Waiting tables to finance the project, Dean created the first cut of the film in 2005 and in 2006 the first public screening of Dare Not Walk Alone took place at the historically black Ritz Theatre (Jacksonville), Florida in an event attended by Florida State Senator Tony Hill. Within days, Senator Hill had organized a summit of civic leaders to address housing conditions in St. Augustine's African American community. He later introduced legislation to expunge the criminal records of all persons arrested for peacefully protesting segregation in Florida.

==Release and reviews==
By the end of 2007 the film had been signed for non-theatrical release by THINKFilm and in April 2008 the film began its theatrical release in Los Angeles with Hollywood-based distributor, Indican Pictures.

When Dare Not Walk Alone made its theatrical debut in Los Angeles, Sara Schieron of Boxoffice Magazine declared it "has the potential to do real good in the world" and Eric Monder of Film Journal International noted, "The racial politics of the current presidential election make this film all the more significant."

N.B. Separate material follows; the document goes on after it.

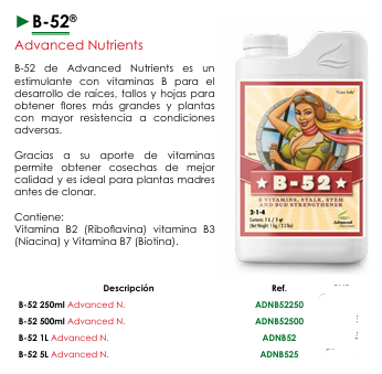 Si buscas un estimulante vitamínico potente para fortalecer tus plantas desde la raíz, promover un crecimiento vigoroso y aumentar su resistencia al estrés. B-52® de Advanced Nutrients es la elección perfecta para asegurar cosechas de calidad superior.

Dare Not Walk Alone has been screened at universities such as Notre Dame and a number of historically black colleges and universities. The film was released on DVD in October 2008.

==Awards==
In 2007, Dare Not Walk Alone won the Audience Award at the Deep Focus Film Festival in Columbus, Ohio. In January 2009 the film was nominated for an NAACP Image Award for Outstanding Documentary and named one of the year's 10 best documentaries.